* _REQUIRED ACTION_: From the data that follows, set down exactly the lines from the one with "子どもたちは、においのついた" through the one with "Il piano del", counting both. Pictures stay out.

──────── RECORD SET

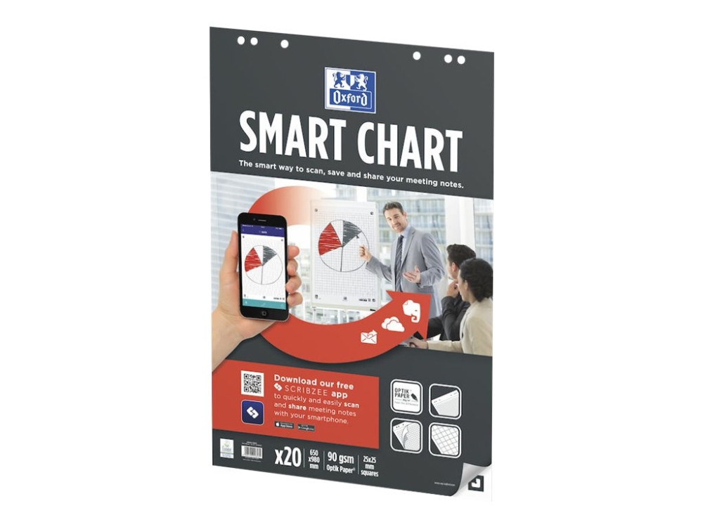 Oxford Smartchart - Flipover-Papper - 650 X 980 Mm - 20 Ark - Vitt - Rutigt - 6 Hål
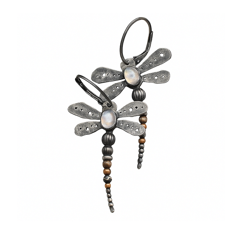Salma - Vintage dragonfly earrings with moonstone | Silver
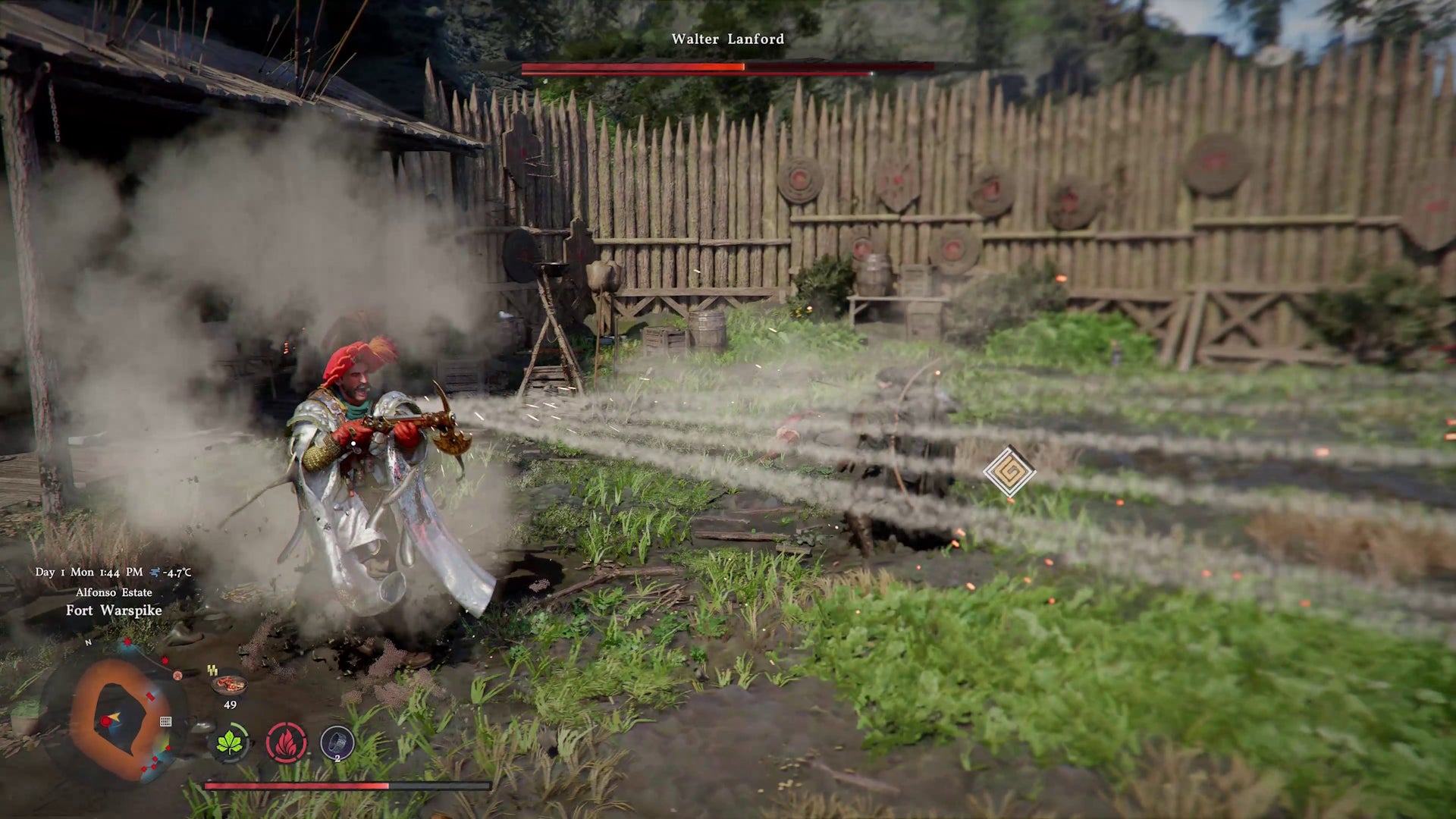 Walter Landford may be no bigger than you are, but he’s arguably the most sophisticated of the three bosses we’re showing today. Armed with a shotgun, he’s able to fight effectively at range. Dodging the wide-spread projectiles is key, but get your timing right and you can actually deflect his blasts back at him. Should your reflexes not be quite that sharp, you can spin up a magic barrier that collects incoming bullets and fires them back where they came from. Walter’s weak to grapples, so getting in close is vital – thankfully you can use the “deflect light” skill, typically used to find hidden items, to temporarily blind him and close the distance. You’ll need to act fast, though, as Walter’s armed with smoke grenades that can help conceal his rapid getaways.
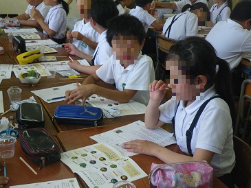 子どもたちは、においのついた紙をグループごとに渡され、オレンジやレモン、ハーブなどのにおいをかぎわけます。これがなかなか難しいです。その後、芳香剤を手作りし、お土産として持って帰りました。
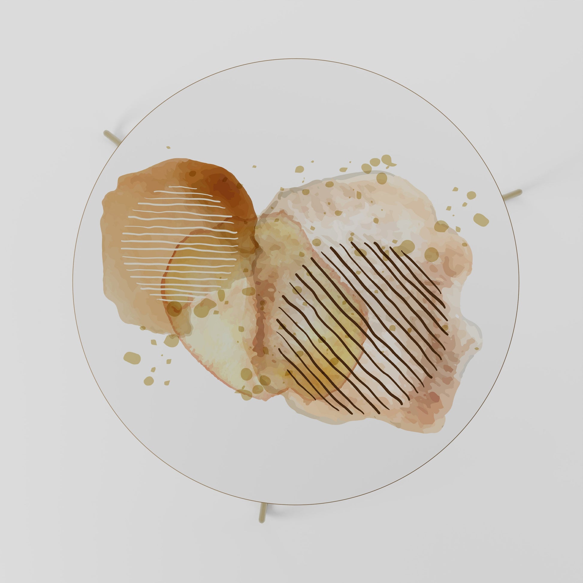 Il piano del tavolo presenta un motivo stampato di alta qualità, che aggiunge un tocco artistico distintivo al tuo spazio. Realizzato in resistente truciolato rivestito in laminato, garantisce un utilizzo duraturo e resistenza all'usura quotidiana.
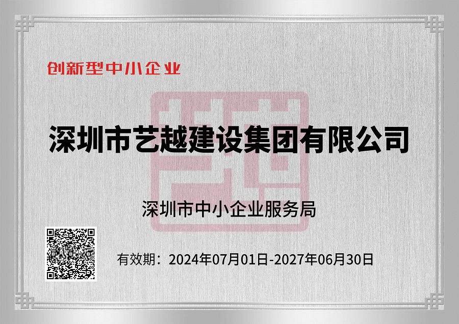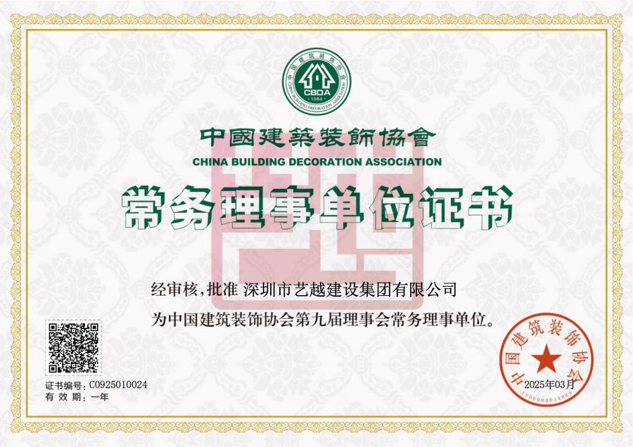深圳市藝越建設集團有限公司,成立于2010年10月22日,注冊資金為6180萬元,是一家是集建筑、室內外裝飾設計與施工、智能化、市政于一體的綜合性、專業(yè)化的集團公司。具有建筑裝修裝飾工程專業(yè)承包壹級、建筑幕墻工程專業(yè)承包壹級、建筑機電安裝工程專業(yè)承包壹級、消防設施工程專業(yè)承包壹級、鋼結構工程專業(yè)承包壹級、中國展協(xié)展覽工程企業(yè)壹級、中國展協(xié)展覽陳列工程設計與施工壹級、潔凈工程資質壹級、防水防腐保溫工程專業(yè)承包壹級、特種工程(結構補強)不分等級、建筑裝飾工程設計專項甲級、建筑幕墻工程設計專項甲級、輕型鋼結構工程設計專項乙級、消防設施工程設計專項乙級、建筑工程施工總承包貳級、市政公用工程施工總承包貳級、電子與智能化工程專業(yè)承包貳級、城市及道路照明工程專業(yè)承包貳級、環(huán)保工程專業(yè)承包貳級、施工勞務不分等級、承裝(修、試)電力設施許可證叁級、醫(yī)療器械經營許可資質貳、叁類、安全技術防范系統(tǒng)設計施工維修資格。質量管理體系(GB/T19001-2016 / ISO9001:2015)標準認證、職業(yè)健康安全管理體系(GB/T28001-2011)標準認證,環(huán)境管理體系(GB/T24001-2016/ISO14001:2015)標準認證,誠信管理體系(GB/T 31950-2023)標準認證,售后管理體系(GB/T27922-2011)標準認證。中國建筑裝飾協(xié)會常務理事單位、AAA資信單位、連續(xù)十四年被評為“守合同重信用企業(yè)”。
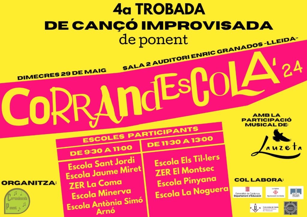 Tot seguit teniu l’enregistrament de la IV Trobada de cançó improvisada escolar de ponent (2n torn). L’alumnat de 6è de l’Escola hi va participar el passat dimecres 29 de maig del 2024. Es va celebrar a la Sala 2 Auditori Enric Granados de Lleida. de les 11.30h. a 13h. Les escoles participants van ser: ZER
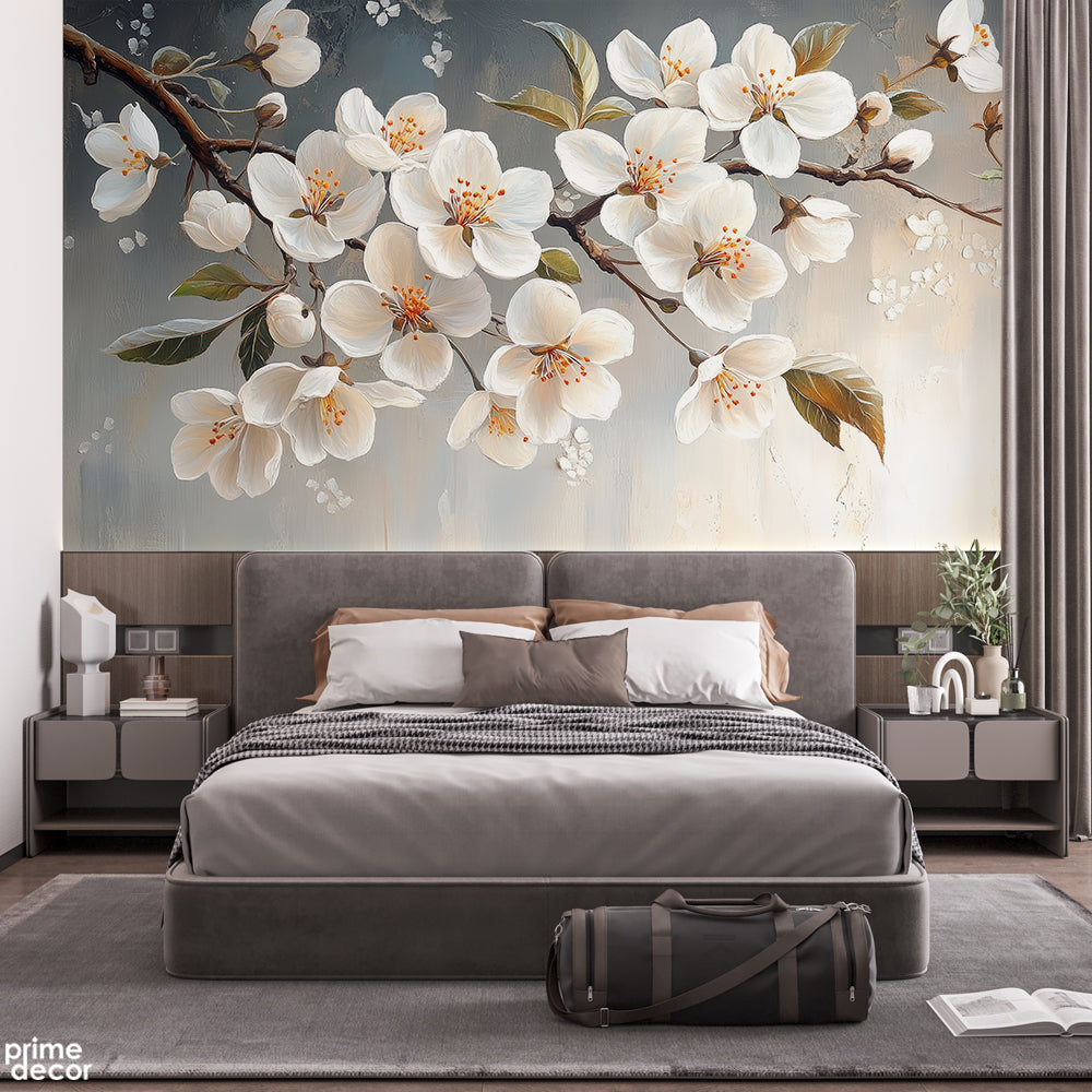 Beautiful Tranquil Beige Apple Blossom Flowers Artwork | Floral Wallpaper Mural
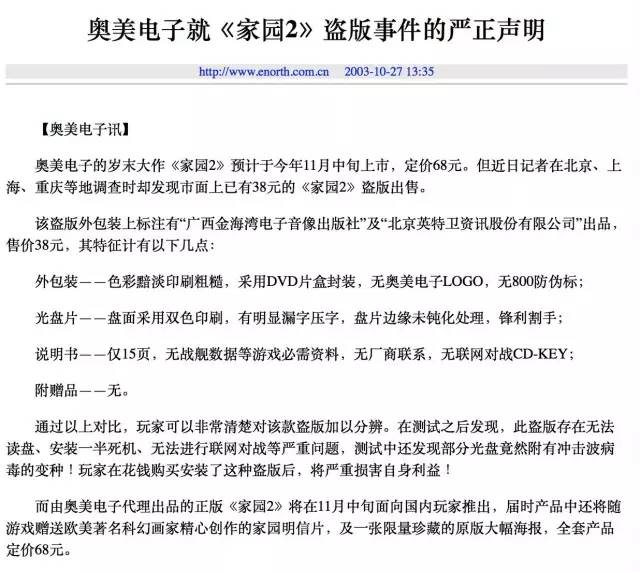 在四大系列之外,表现最好的《地球帝国2》销量只有5万,而在国内玩家中口碑极佳的《家园2》也只有2、3万的销量,很多玩过这些游戏的当时玩的都是盗版或者伪正版。比如在2003年11月《家园2》正式发售之前,市场上就出现了一批售价38元的伪正版,奥美电子专门在媒体上发表公告进行澄清,实际上也并没有太大的作用。

────────────────

* _WRITTEN ANSWER_:
 子どもたちは、においのついた紙をグループごとに渡され、オレンジやレモン、ハーブなどのにおいをかぎわけます。これがなかなか難しいです。その後、芳香剤を手作りし、お土産として持って帰りました。
 Il piano del tavolo presenta un motivo stampato di alta qualità, che aggiunge un tocco artistico distintivo al tuo spazio. Realizzato in resistente truciolato rivestito in laminato, garantisce un utilizzo duraturo e resistenza all'usura quotidiana.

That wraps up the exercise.